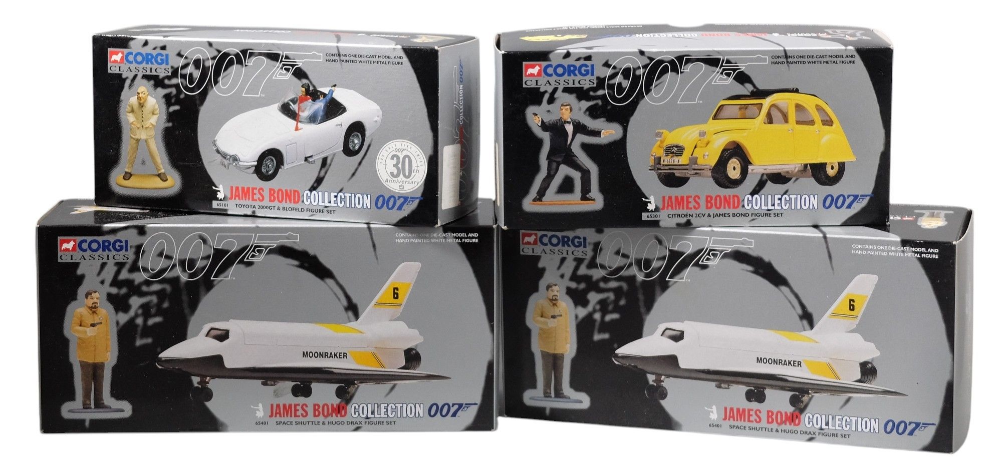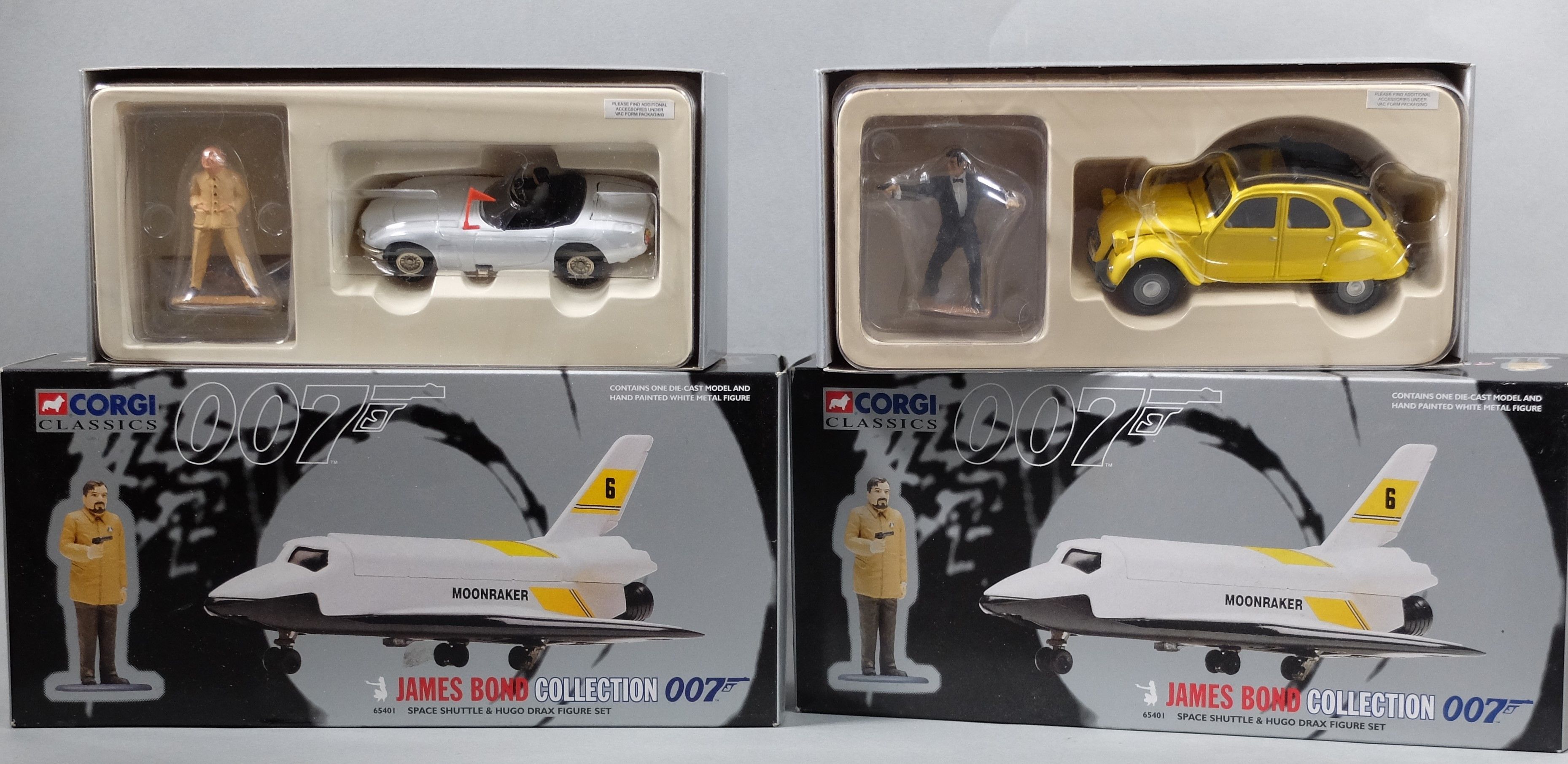 CORGI TOYS CLASSICS - 007 - Set including 2 SPACE SHUTTLE & HUGO DRAX FIGURE SET, CITROEN 2CV & JAMES BOND FIGURE SET and TOYOTA 2000GT & BLOFELD FIGURE SET, BOXES.
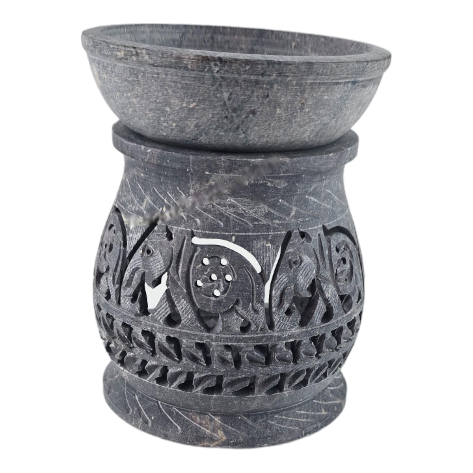 Ця аромалампа є унікальним і вражаючим предметом, який відображає глибокі традиції та символіку Індії. Виготовлена вручну з мильного каменю, вона вражає своєрідністю та елегантністю. Відполірована поверхня надає їй блиску та вишуканості, а зображення слоників, які вирізані на боках, надають їй особливого шарму та душевності.
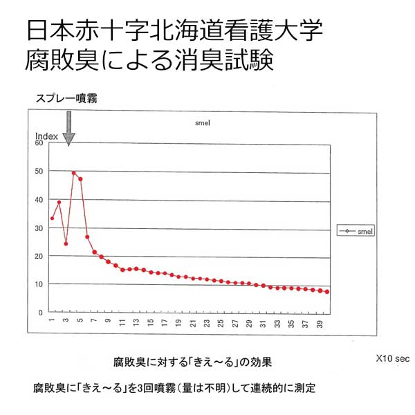 図1.北見工業大学アンモニアによる消臭試験 図2.日本赤十字北海道看護大学腐敗臭による消臭試験
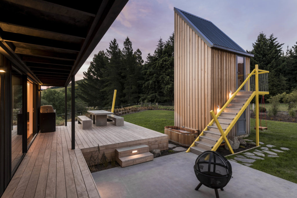 126 négyzetméteren keveredik a modern, a retró, a kemping-feeling és a kortárs tervezés legjava ebben a Hammer Springs-i házegyüttesben. Nagyon meghitt terek, elképzelünk itt pár éjszakába nyúló mókázást a teraszon.
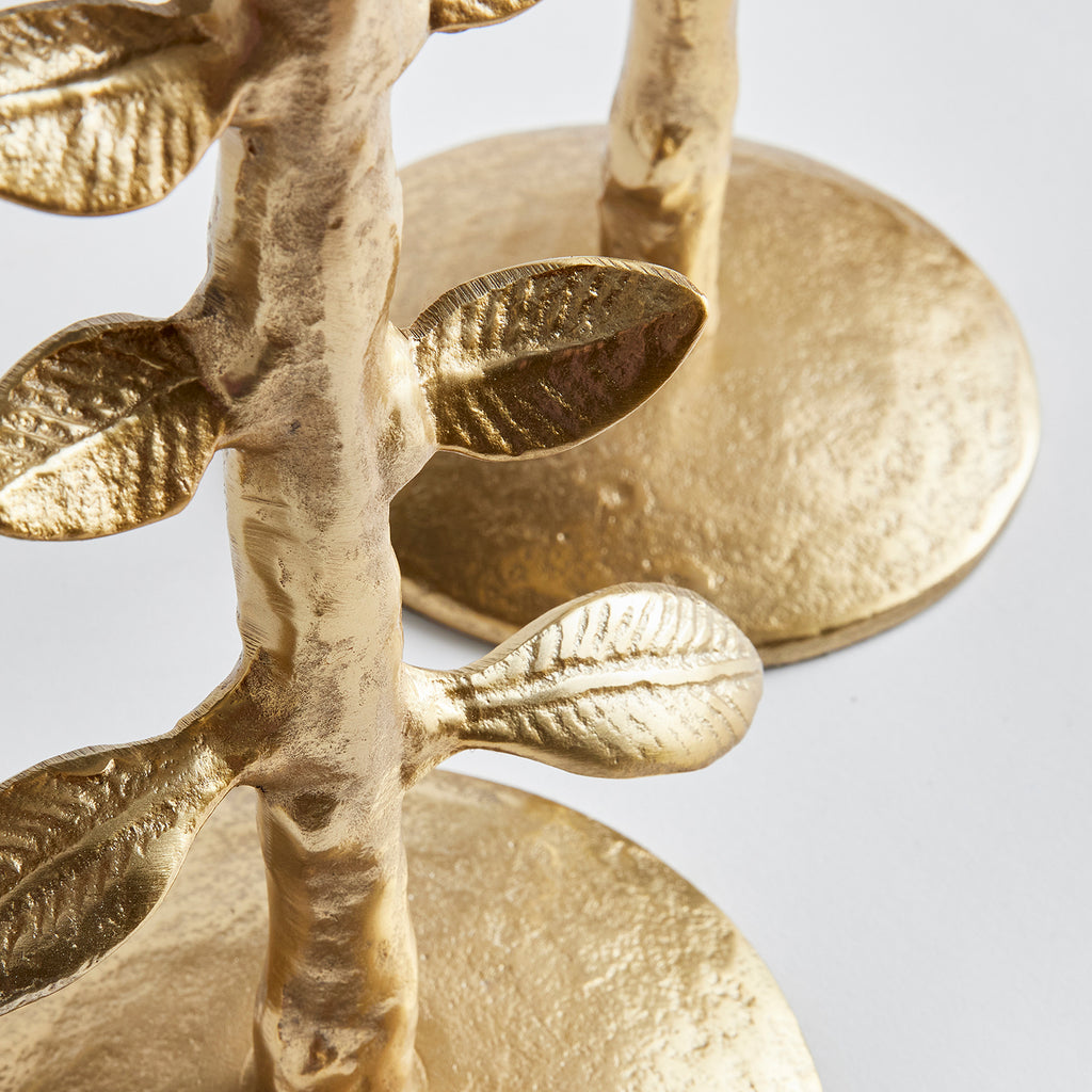 In a heavy cast aluminum, these nature-inspired taper holders sprout up from the surface in a loose, sculpted style. A whimsical way to elevate your candles.

**Description of the task**
Reproduce precisely the lines of the listing above, from the line containing "Ця аромалампа є" to the last line, both ends included. Pictures are to be omitted.

**Problem solution**
 Ця аромалампа є унікальним і вражаючим предметом, який відображає глибокі традиції та символіку Індії. Виготовлена вручну з мильного каменю, вона вражає своєрідністю та елегантністю. Відполірована поверхня надає їй блиску та вишуканості, а зображення слоників, які вирізані на боках, надають їй особливого шарму та душевності.
 図1.北見工業大学アンモニアによる消臭試験 図2.日本赤十字北海道看護大学腐敗臭による消臭試験
 126 négyzetméteren keveredik a modern, a retró, a kemping-feeling és a kortárs tervezés legjava ebben a Hammer Springs-i házegyüttesben. Nagyon meghitt terek, elképzelünk itt pár éjszakába nyúló mókázást a teraszon.
 In a heavy cast aluminum, these nature-inspired taper holders sprout up from the surface in a loose, sculpted style. A whimsical way to elevate your candles.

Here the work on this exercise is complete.